Дрянь - Устинов Сергей Львович. Страница 7
Вслед за «волгой» «москвич», напрягая двигатель, летел по улицам. Пока Глазков умудрялся компенсировать разницу в мощности маневренностью — то проскакивал в щель между грузовиком и автобусом, то обгонял поток машин справа, едва не заезжая колесами на тротуар. На очередном светофоре «волга» резко рванула вперед с места. Глазков выжал из двигателя все, что мог...

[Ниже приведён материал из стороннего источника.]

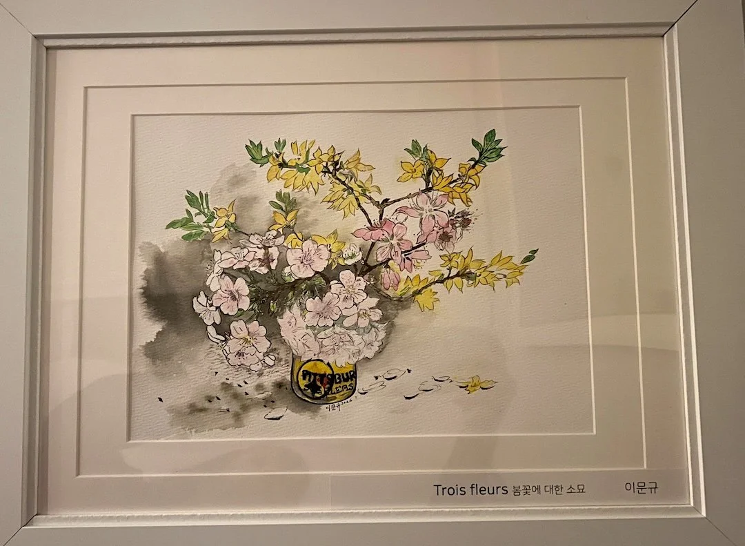 “So how’s this for a coincidence, Tim and I were walking thru a park trying to find a waterfall trail but came across an art exhibition where nice Korean ladies invited us in. The one lady was one of the artist and showed us her work. Then we looked at the other paintings, one with flowers and cherry blossoms caught Tim’s eye, thinking you’d like it and he noticed the vase said Pittsburgh Steelers so the ladies were very excited to hear we were from there and told me it’s for sale and they could contact the artist.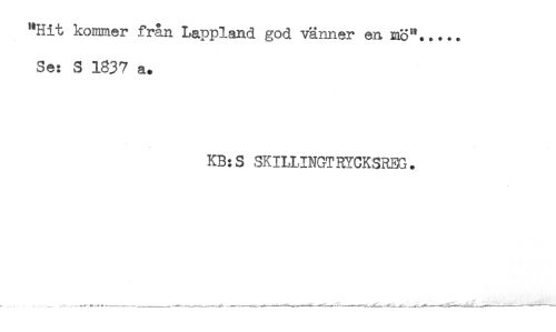 //// "Hit kommer från Lappland god vänner en mö"..... //// Se: S 1837 a. //// KB:S SKILLINGT RYCKSREG. ////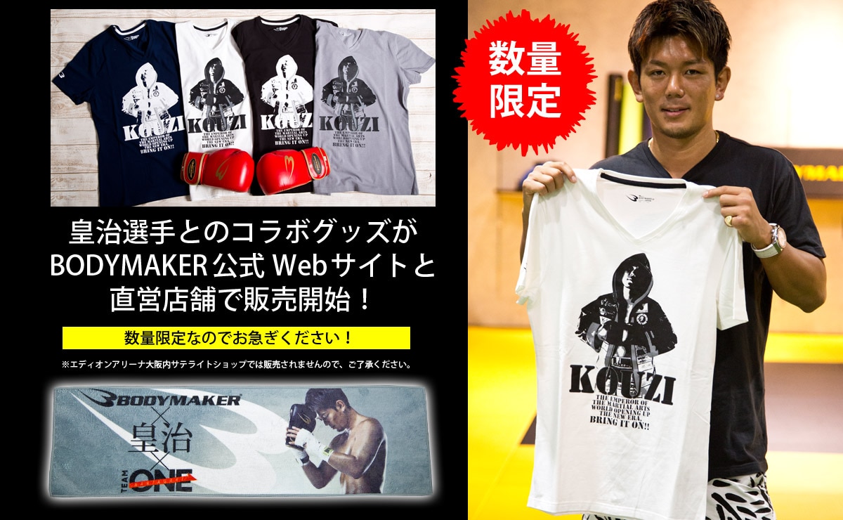 大好評につき、皇治選手とのコラボグッズがBODYMAKER公式Webサイトと直営店舗で販売開始!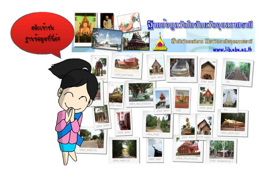 สำนักวิทยบริการ ได้จัดทำฐานข้อมูลวัดในจังหวัดอุบลราชธานีขึ้น โดยมีข้อมูลวัดทั้งหมด 1536 วัด แยกออกเป็นอำเภอต่าง ๆ ข้อมูลของแต่ละวัดประกอบด้วยประวัติการก่อตั้งวัดนั้น ๆ นอกจากนั้นแล้ว วัดที่เป็นวัดสำคัญของจังหวัดก็จะมีข้อมูลภาพถ่าย และวีดิทัศน์ด้วย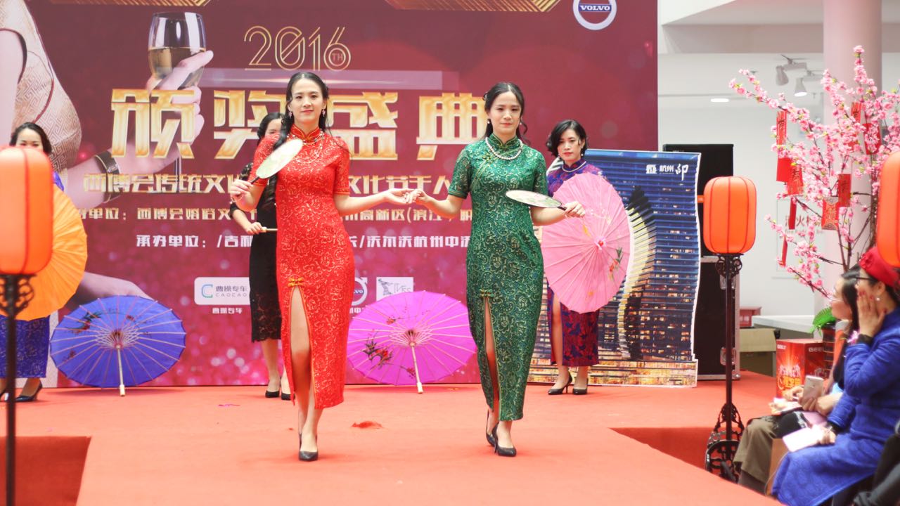 由中国(杭州)西湖博览会国际婚俗文化节组委会主办的杭州市民休闲节“国学、茶文化、旗袍秀”体验活动暨2016西博会传统文化节&婚俗文化节千人旗袍秀启动仪式,于2016年10月14日在国家重点保护文物单位——富义仓西博会婚俗文化节国学基地隆重举办。11月12日在龙湖春江悦茗举办了首场旗袍秀爱好者化妆、培训以及旗袍形象照拍摄活动。来自各大企事业单位,医院,学校,个人爱好者等接近200人参加了此次培训。一早,花都学校20余名学生便带着专业的化妆工具来到现场,为旗袍秀爱好者做整体造型装饰。11月26日决赛暨颁奖典礼在浙江吉利控股集团隆重举行,花都化妆2班一行负责了全场的化妆整体造型!

Мукасей ехал в одном вагоне метро со Шпаком, искоса наблюдая за ним через головы пассажиров. "Следующая станция — «Курская», — сообщил репродуктор, и Шпак начал пробираться к выходу. Выйдя из метро, Шпак и Мукасей оказались в недрах Курского вокзала и вскоре миновали вывеску «Автоматические камеры хранения». Мукасей поотстал: народу тут было немного, подобраться близко к Шпаку в этом узком проходе между камерами он не мог. Оставалось только подсматривать из-за угла, как Шпак колдует возле одного из ящиков: опускает в прорезь «пятнашку», набирает код на циферблате. Дверца открылась. Шпак извлек из камеры сумку, очень похожую на ту, с которой пришел, а свою сунул на ее место. Покрутил наружные колесики, сбил шифр, опустил монетку, но, прежде чем захлопнуть дверцу, вдруг резко оглянулся. И Мукасей не успел отскочить, отпрянуть. Он замер на мгновение, а потом решительно шагнул в проход к ближайшей камере, делая вид, что тоже опускает монету, крутит колесики шифра. Изо всех сил он старался держаться непринужденно, не повернуть головы, но краем глаза видел: Шпак медлит захлопывать дверцу, стоит, глядя в его сторону. Потом он, все так же не отрывая взгляда от Мукасея, протянул руку и вытащил из камеры вторую сумку. Заметив это движение, Мукасей понял, что притворяться больше, кажется, нет нужды, повернулся и встретился с глазами Шпака, настороженно глядевшими на него.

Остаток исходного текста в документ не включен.